At the outset of the current fight between the NFL Players Association and NFL owners, ThinkProgress hoped the negotiations would be a lesson on “shared prosperity.” “These negotiations are important not just to NFL fans but to all Americans because they show that collective bargaining — the process where unionized workers and management negotiate wages, benefits, and working conditions — can create significant benefits for both workers and owners,” the Center for American Progress wrote.
It now looks like the labor dispute will be settled before too many cash-rich preseason games are missed, but any fan who has been following negotiations can not believe for a second that the collective bargaining process is anyway to run a business. If the NFL were not a monopoly, the NFLPA would have killed it off years ago the same way unions kill off most non-monopoly firms they infest. But even now that the NFLPA is on the two-yard line of a new agreement, greedy union members are threatening to scuttle the sport for everyone. CBS reports:
There are more problems in the final days of the CBA negotiations between the owners and players and those issues settle around Peyton Manning and Drew Brees.
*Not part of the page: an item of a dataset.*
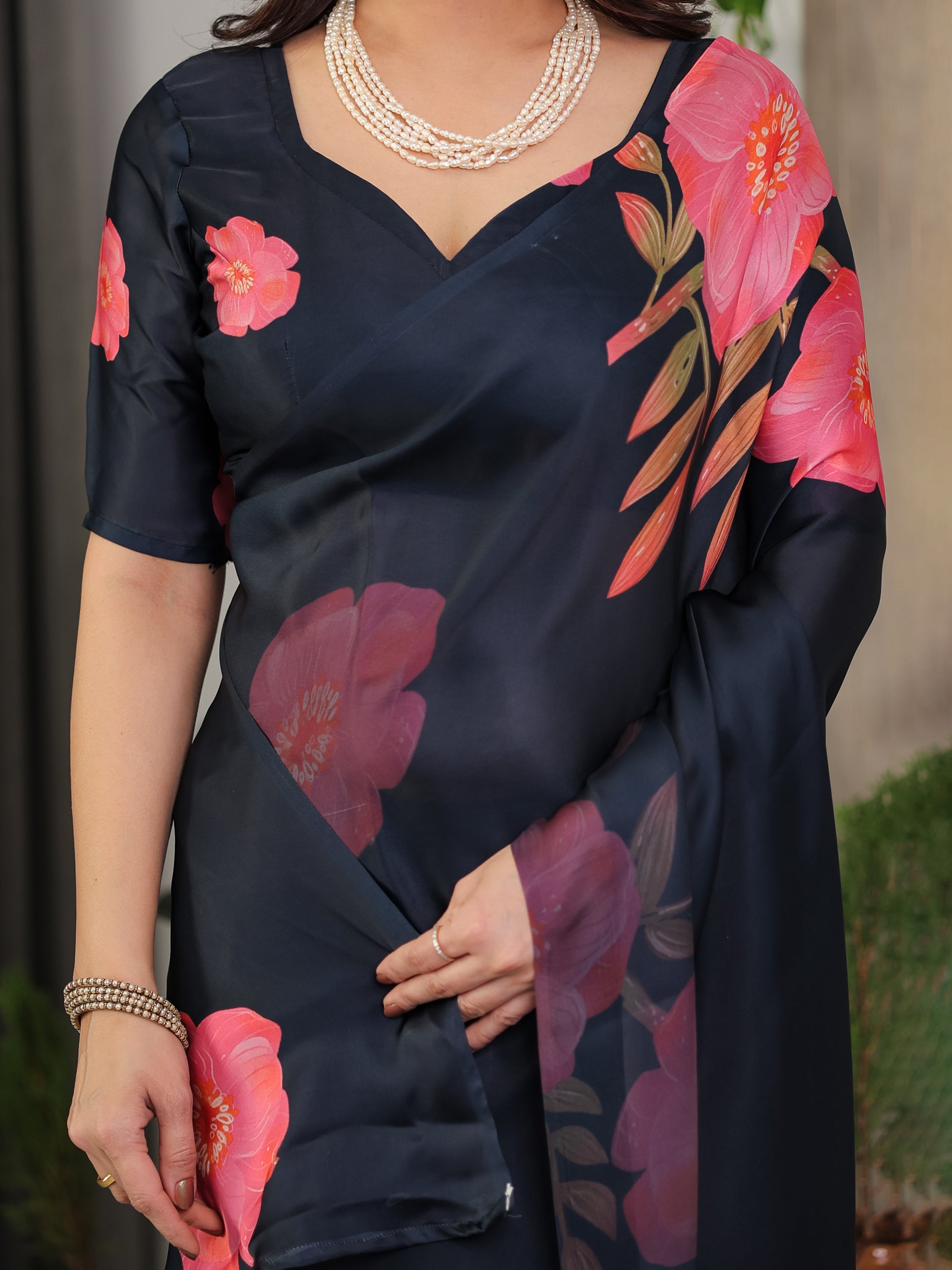 Crafted from premium satin georgette fabric, the saree features a rich navy blue base adorned with large rose-inspired floral prints in shades of coral pink and soft peach, complemented by delicate leaf detailing. The satin georgette texture lends a subtle sheen and graceful fall, creating a flattering drape that moves effortlessly with you.

Multiple sources say that Manning, one of the named plaintiffs, wants immediate free agency in order to settle the lawsuit. Those sources also say Brees wants to be a free agent next year. The sources say lawyers for the NFLPA have asked NFL owners for those two things in addition to the reported demands from players Logan Mankins and Vincent Jackson.
Brees is scheduled to earn $10 million in 2011 and Manning was tagged for 2011 that would pay him $23 million.
A CBA cannot be agreed upon unless all the plaintiffs settle the case.
To recap, both Brees and Manning have already collected over $100 million in salary from past NFL seasons, but now they are willing to hold everyone up for more money, all thanks to the collective bargaining process. Lesson on “shared prosperity” received.